Episcopal Diocese of Central Florida

Finding Paradise

Posted December 1st, 2007

By Fr. Tom Seitz
Fr. Tom Seitz

There is a billboard on US Highway 27, north of Dundee, which reads, "245 Acres of Eden 14 Miles Ahead." It's referring, of course, to Historic Bok Sanctuary, which includes the singing tower, the gardens and the estate, located on the highest point of the Florida peninsula.

When Jesus tells the thief on the cross, "Today you will be will me in Paradise." he was referring to a place not unlike Historic Bok Sanctuary. 'Paradise' is literally a royal park or orchard. It is part of the king's domain. This is what the Bible understood the Garden of Eden to be, part of God's kingdom, a royal park or orchard, with two very unique trees planted in it, the tree of life and the tree of the knowledge of good and evil. When Adam and Eve ate of the tree of the knowledge of good and evil, they fell from God's grace and were cast out of Paradise, with fiery seraphim preventing them from re-entering and eating the tree of life, which would have perpetuated their sin and their death forever. The world we are born into, consequently, is spiritually lower than the Paradise that God originally created, the royal garden-orchard that Adam and Eve briefly lived in before they were cast out.

On this last Sunday after Pentecost, we are reminded that Jesus was sent into this fallen world to make it possible for you and me to not only return to Paradise without the fear of sin and death, to God's royal park or orchard, to what was known by many in ancient times as the third heaven, one of the outer precincts or suburbs of God's kingdom, but to even have access to the very throne of God at the heart and center of his kingdom, to what was known in the ancient world as the seventh heaven, that throne of God which lies beyond the visible limits of the Sun, moon and five planets.

A Christian's billboard does not point to a tower and gardens on the highest point in the Florida peninsula, but to a dead tree in a landfill on the side of a mountain, Mount Zion, which Jesus tells the thief, is the very gate and entrance to the >real Paradise that every other earthly place like Historic Bok Sanctuary, or even our own beautiful memorial garden and bell tower, seeks to imitate and copy.
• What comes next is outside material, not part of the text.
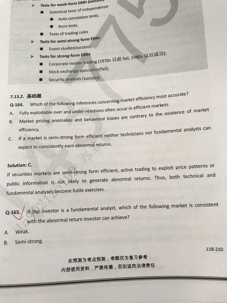 查看试题 已回答老师165题,请问上课时候说在semi strong下fundamental 和technicalbanalysis都不能imply market efficiency,weak form下是technical 不能reflect对吗?那为什么这一题选A?什么叫achieve abnormal return?跟这三种market efficiency有什么关系?可以解释一下吗?上课讲的有点懵
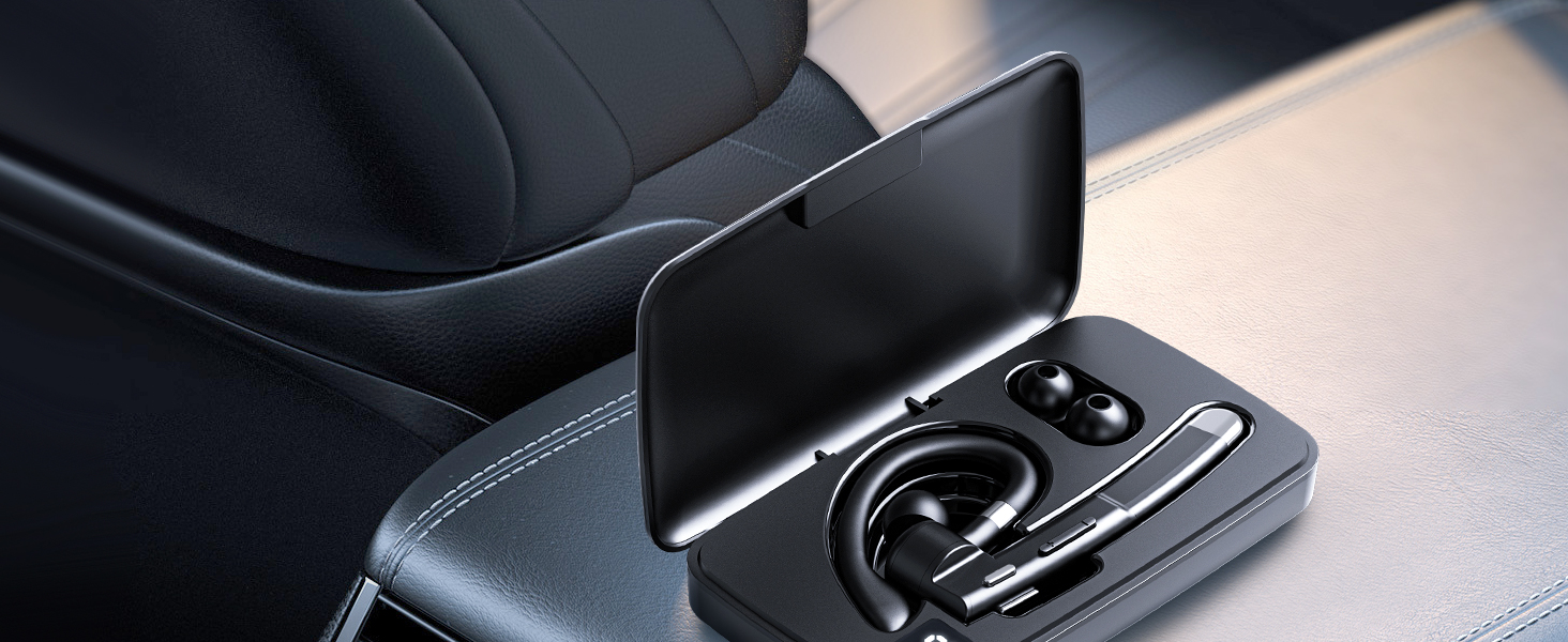 EUQQ Bluetooth Wireless Earpiece for Cellphone, Bluetooth 5.1 Headset Wireless Headphone with Charging Case,Microphone for Office Driving, Hands-Free Earphones Compatible with Android/iOS

The tree of the knowledge of good and evil, which the devil was able to use to curse all mankind through Adam and Eve's disobedience, and thereby put us down, has been reversed by another tree, a wooden cross, and a blessing which has both exposed and put away our sin by revealing the unsearchable riches of God's grace and love in the love of God's Son, who died for us so that he might open up a way back home to God's kingdom.

Our few acres which surround this pulpit and altar are meant to be God's embassy, an outpost of his kingdom here on earth, where we can experience with each other and model for others, as his ambassadors, the life of his kingdom through the power of the Holy Spirit, which Jesus has sent into to us for that very purpose, so that wherever two or three are gathered together in his Name, there is Paradise, even in the midst of our own suffering and dying, even in those earthly places that would otherwise be landfills or garbage dumps, apart from God's redeeming grace.

As ambassadors, we are called to strengthen the weak, to heal the sick, to bind up the injured, to bring back those who have strayed, and to search for those who are lost, because this is precisely what our King, Jesus, the King of kings, did throughout his life and, most powerfully, what he was doing through his death on the cross.

And we don't have to go 14 miles down the road to find Paradise. The two thieves who were just a short physical distance from Jesus remind us both how close and how far away Paradise is, depending on where our heart is. And so as this church year ends and the season of Advent begins, may the next few weeks be a time for us to determine just where our hearts are, and to believe and to act once more in ways that will bring God's Paradise, back into view and within reach, not only for ourselves, but for those around us who may be searching for Paradise where there is a lot of earthly glitter, never suspecting, apart from our own witness, that a wooden cross and a dying man continue to be God's billboard to lasting peace and Paradise. AMEN.